From: Miroslav Benes
Date: Fri Oct 20 2017 - 04:59:24 EST


On Wed, 18 Oct 2017, Petr Mladek wrote:

> On Wed 2017-10-18 11:10:09, Miroslav Benes wrote:
> > On Tue, 17 Oct 2017, Jason Baron wrote:
> > > If the atomic replace patch does
> > > not contain any immediates, then we can drop the reference on the
> > > immediately preceding patch only. That is because there may have been
> > > previous transitions to immediate functions in the func stack, and the
> > > transition to the atomic replace patch only checks immediately preceding
> > > transition. It would be possible to check all of the previous immediate
> > > function transitions, but this adds complexity and seems like not a
> > > common pattern. So I would suggest that we just drop the reference on
> > > the previous patch if the atomic replace patch does not contain any
> > > immediate functions.
> >
> > It is even more complicated and it is not connected only to atomic replace
> > patch (I realized this while reading the first part of your email and
> > then you confirmed it with this paragraph). The consistency model is
> > broken with respect to immediate patches.
> >
> > func a
> > patches 1i
> > 2i
> > 3
> >
> > Now, when you're applying 3, only 2i function is checked. But there might
> > be a task sleeping in 1i. Such task would be migrated to 3, because we do
> > not check 1 in klp_check_stack_func() at all.
> >
> > I see three solutions.
> >
> > 1. Say it is an user's fault. Since it is not obvious and it is
> > easy-to-make mistake, I would not go this way.
> >
> > 2. We can fix klp_check_stack_func() in an exact way you're proposing.
> > We'd go back in func stack as long as there are immediate patches there.
> > This adds complexity and I'm not sure if all the problems would be solved
> > because scenarios how patches are stacked and applied to different
> > functions may be quite complex.
> >
> > 3. Drop immediate. It causes problems only and its advantages on x86_64
> > are theoretical. You would still need to solve the interaction with atomic
> > replace on other architecture with immediate preserved, but that may be
> > easier.

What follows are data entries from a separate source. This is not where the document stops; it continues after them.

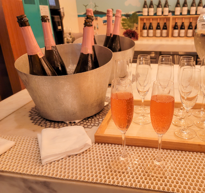 음료 칸 쪽에 한잔씩 따라갈 수 있는 스파클링 와인이 있었다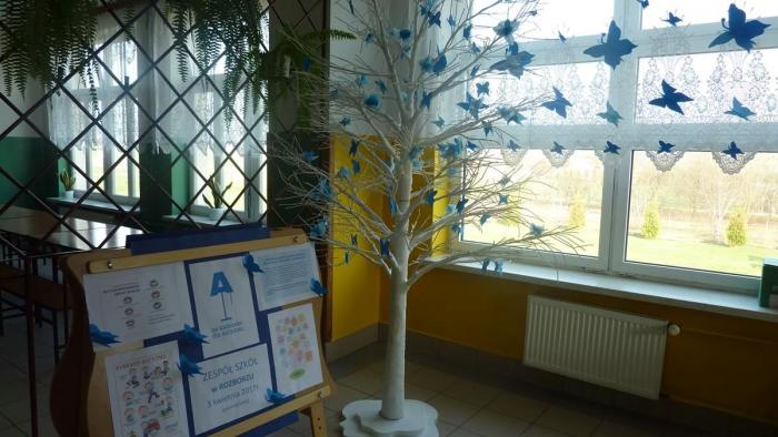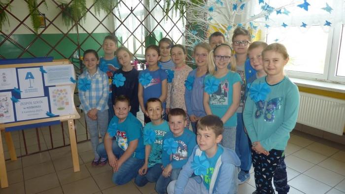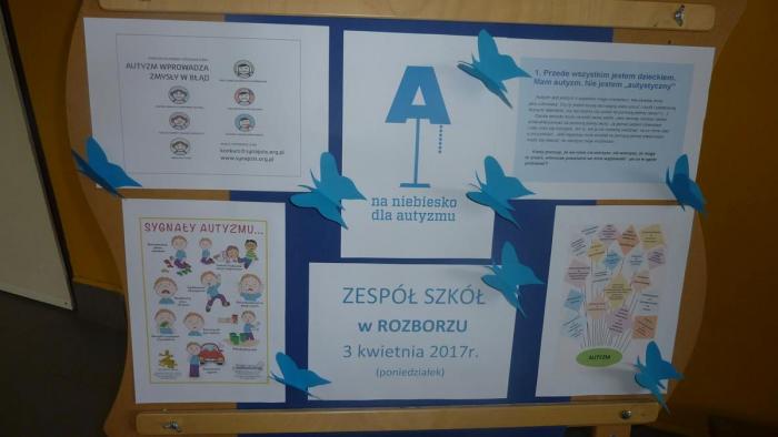 W ramach obchodzonego Światowego Dnia Świadomości Autyzmu nasza szkoła włączyła się w akcję „Na niebiesko dla autyzmu”. 3 kwietnia uczniowie z klas młodszych, gimnazjaliści oraz nauczyciele przyszli ubrani w błękitne kolory. Przygotowano piękne dekoracje, gazetki informacyjne w klasach i na korytarzach, wszędzie dominował kolor niebieski. Uczniowie uczestniczyli także w lekcjach wychowawczych poświęconych tematyce autyzmu.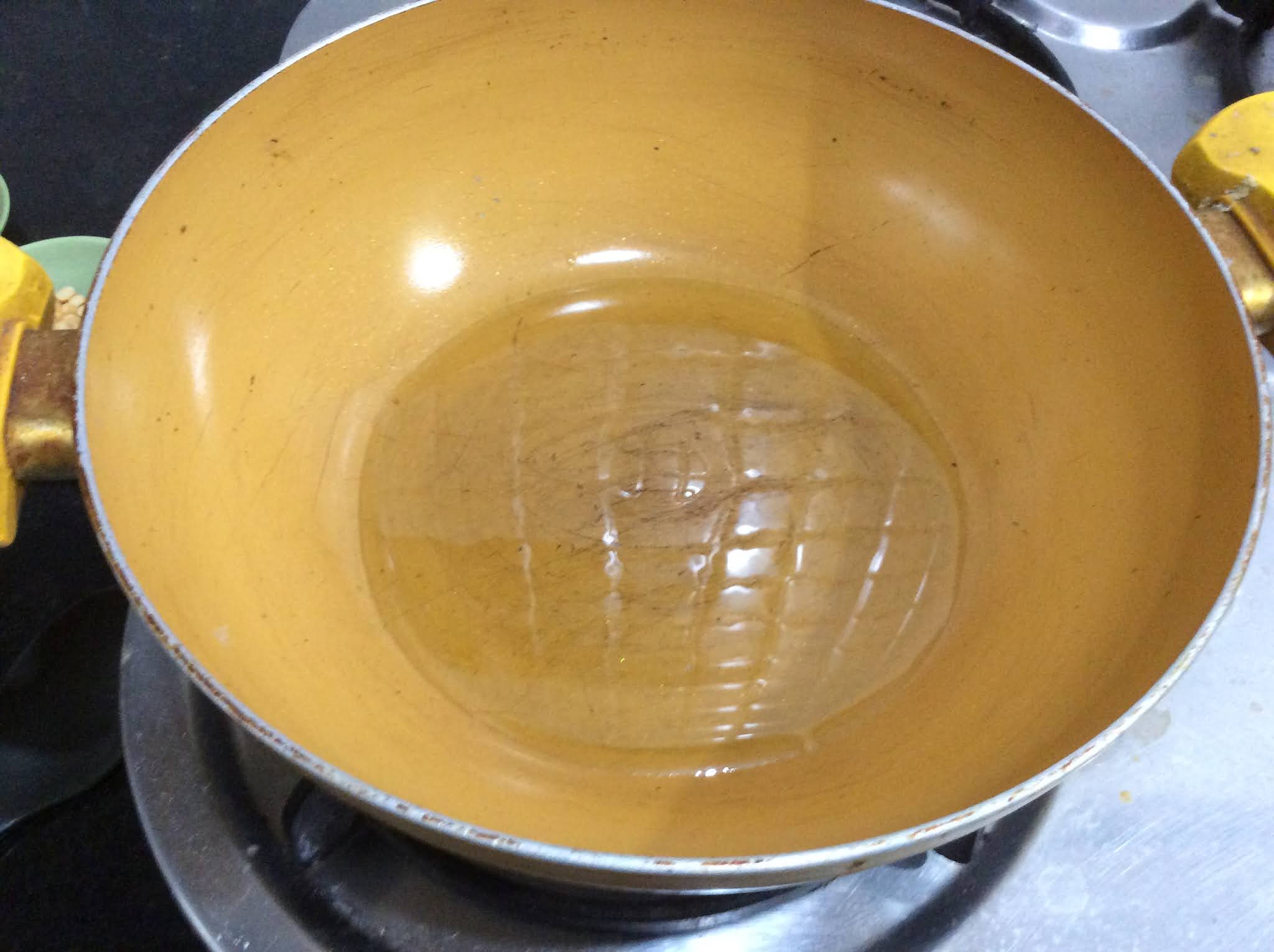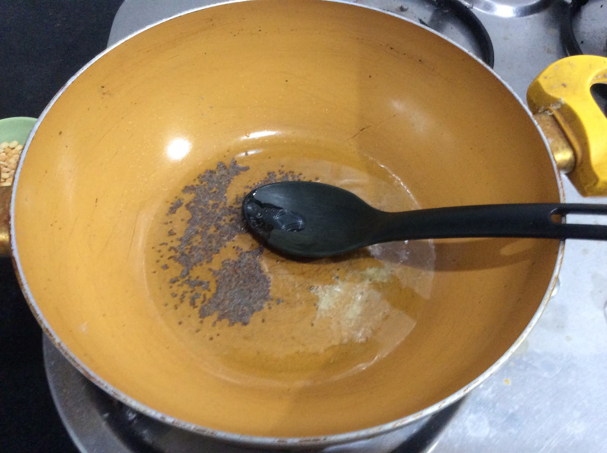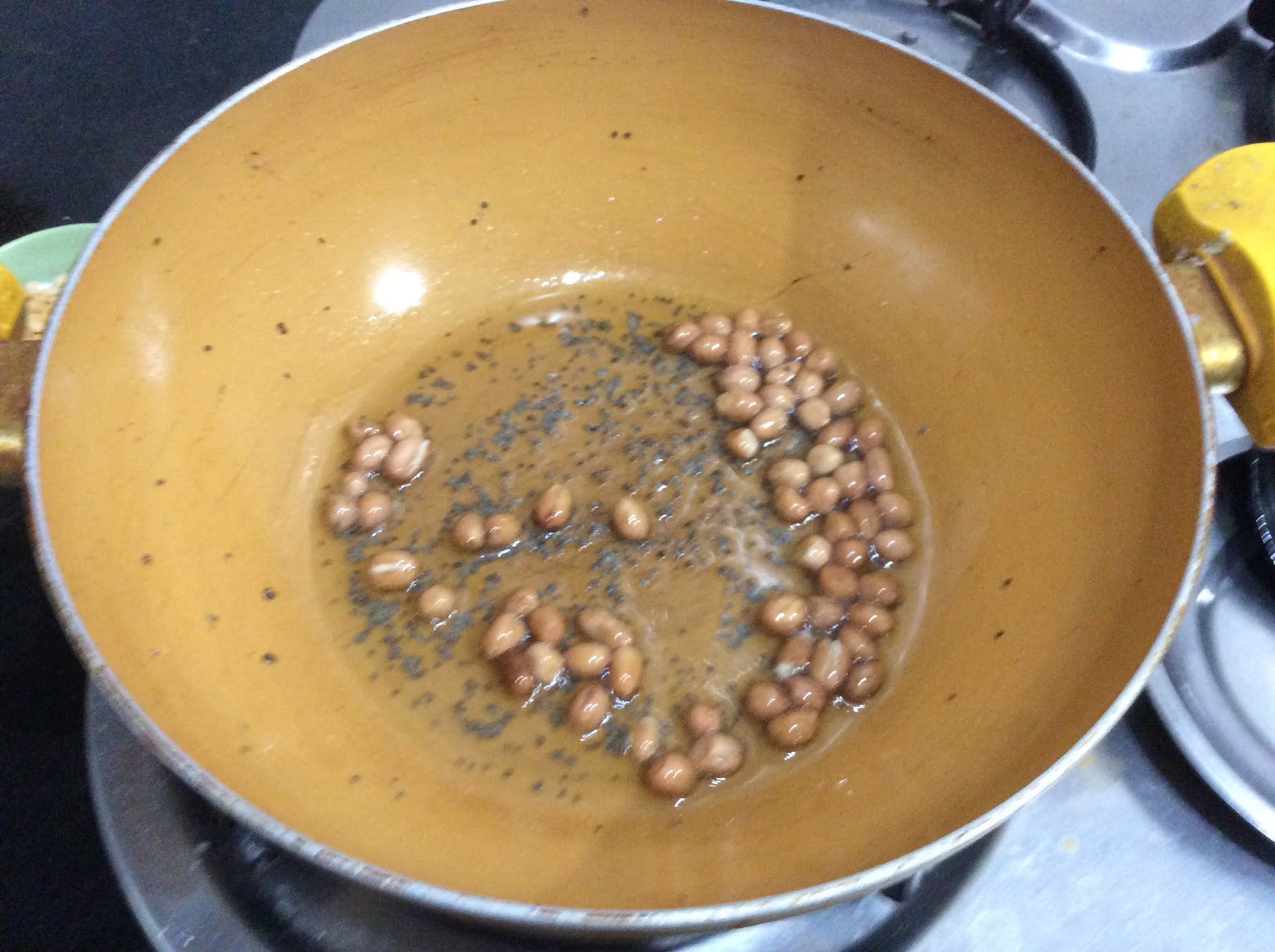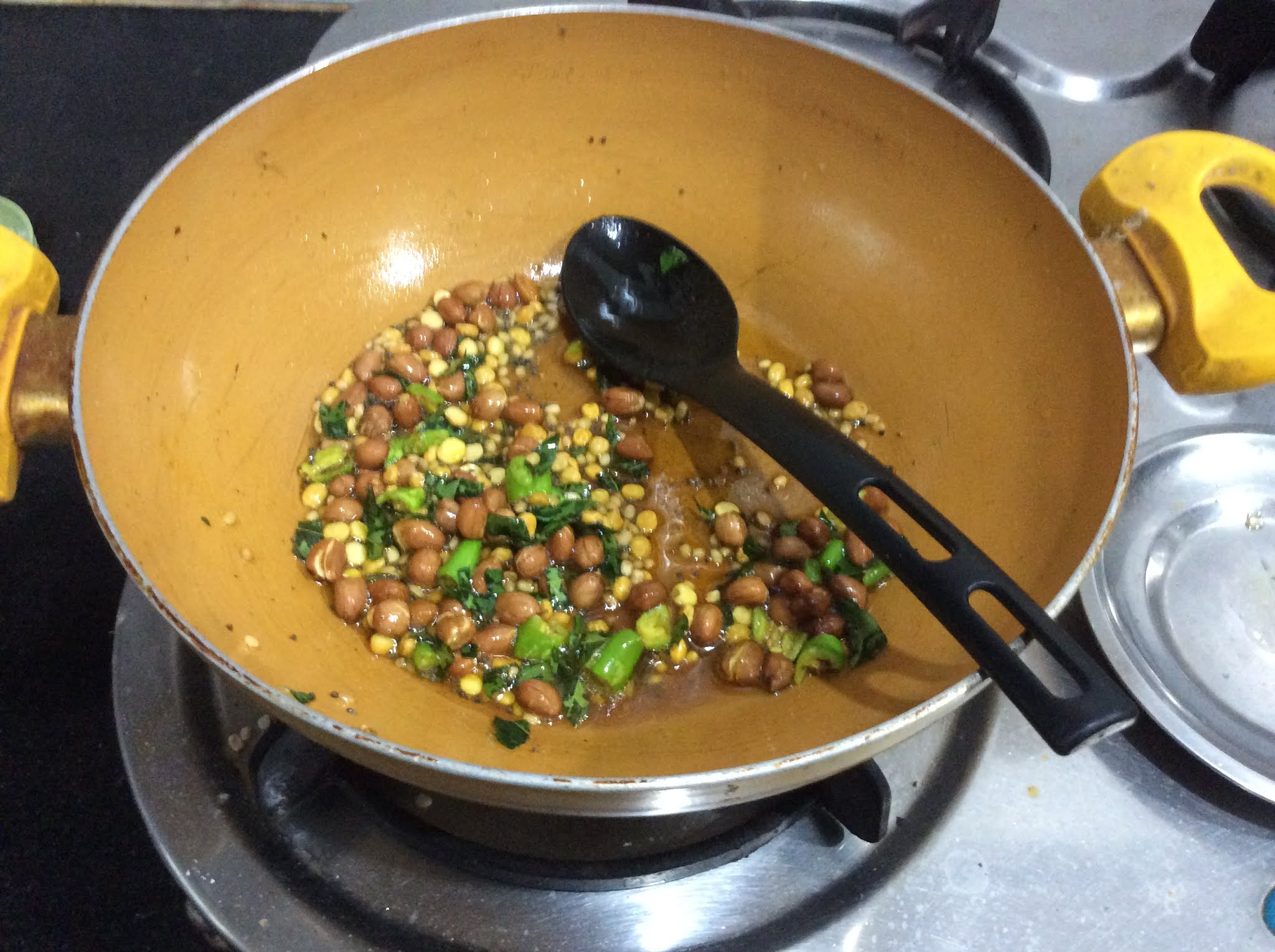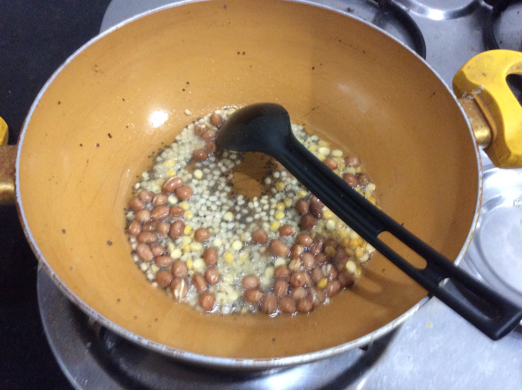 - When peanuts are 1/2 done, add Chana dal and Urad dal.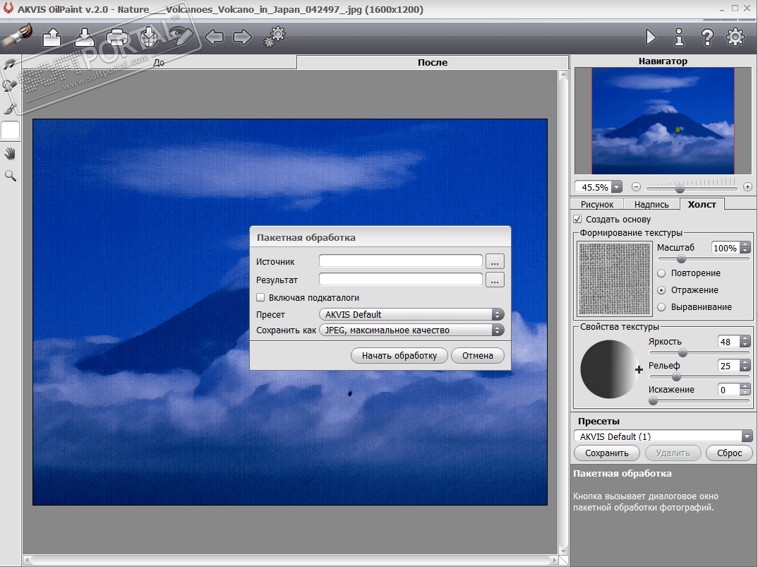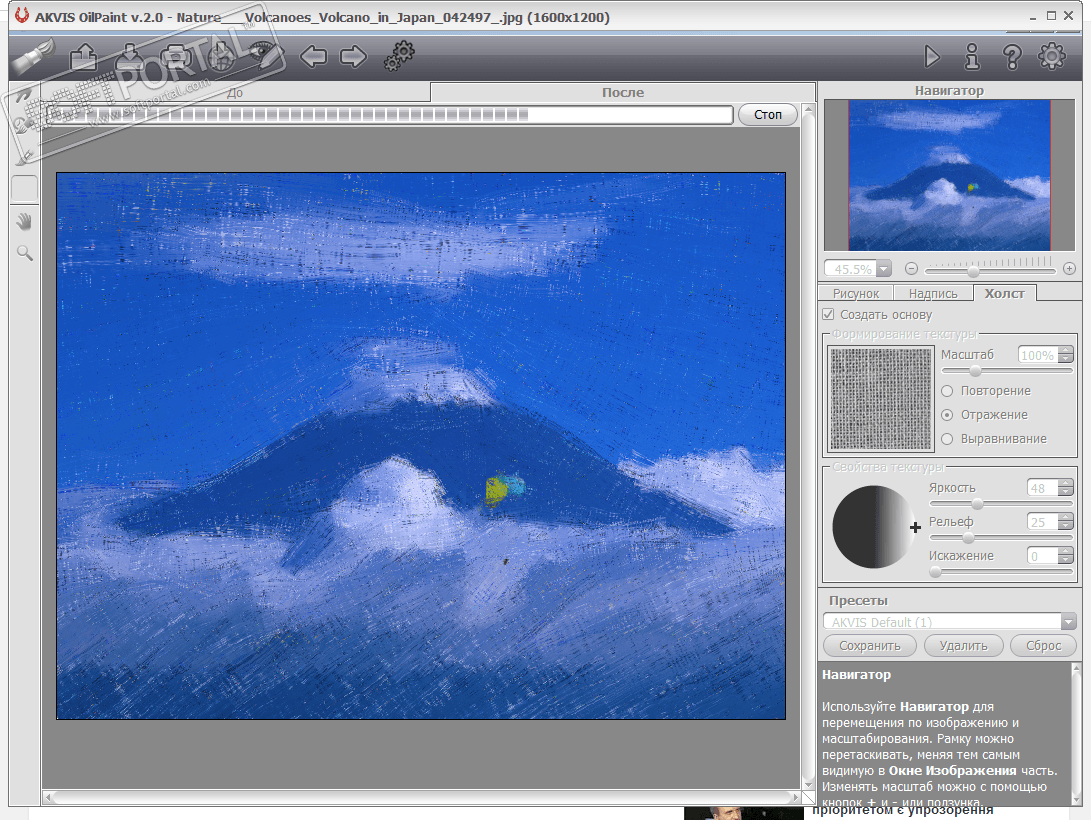 AKVIS OilPaint - мощная программа для имитации масляной живописи на различных картинках и фотографиях. Основной особенностей этой программы является уникальный алгоритм нанесения мазков кисти, с помощью которого наиболее точно и правдоподобно воспроизводится техника работы кистью. Таким образом происходит преобразование изображений в картину, написанную маслом. Есть возможность задать тип холста, разместить текст, а также использовать готовый набор пресетов, что позволит создать настоящий живописный шедевр. Для работы с большим объемом данных предусмотрена пакетная обработка группы изображений с одними и теми же настройками, что поможет быстро оформлять иллюстрации в одном стиле, создать мультфильм или даже комикс.

Or we can be aggressive and drop immediate completely. The force
> > transition I proposed earlier could achieve the same.
>
> To make it clear. We currently rely on the immediate handling on
> architectures without a reliable stack checking. The question
> is if anyone uses it for another purpose in practice.
>
> A solution would be to remove the per-func immediate flag
> and invert the logic of the per-patch one. We could rename
> it to something like "consistency_required" or "semantic_changes".
> A patch with this flag set then might be refused on systems
> without reliable stacks. Otherwise, the consistency model
> would be used for all patches.

I have a problem with this. I'd like to see the consistency model as a
default and not something to ask for. It should be used always unless
explicitly forbidden.

Just to be sure, we agreed to remove immediate, didn't we?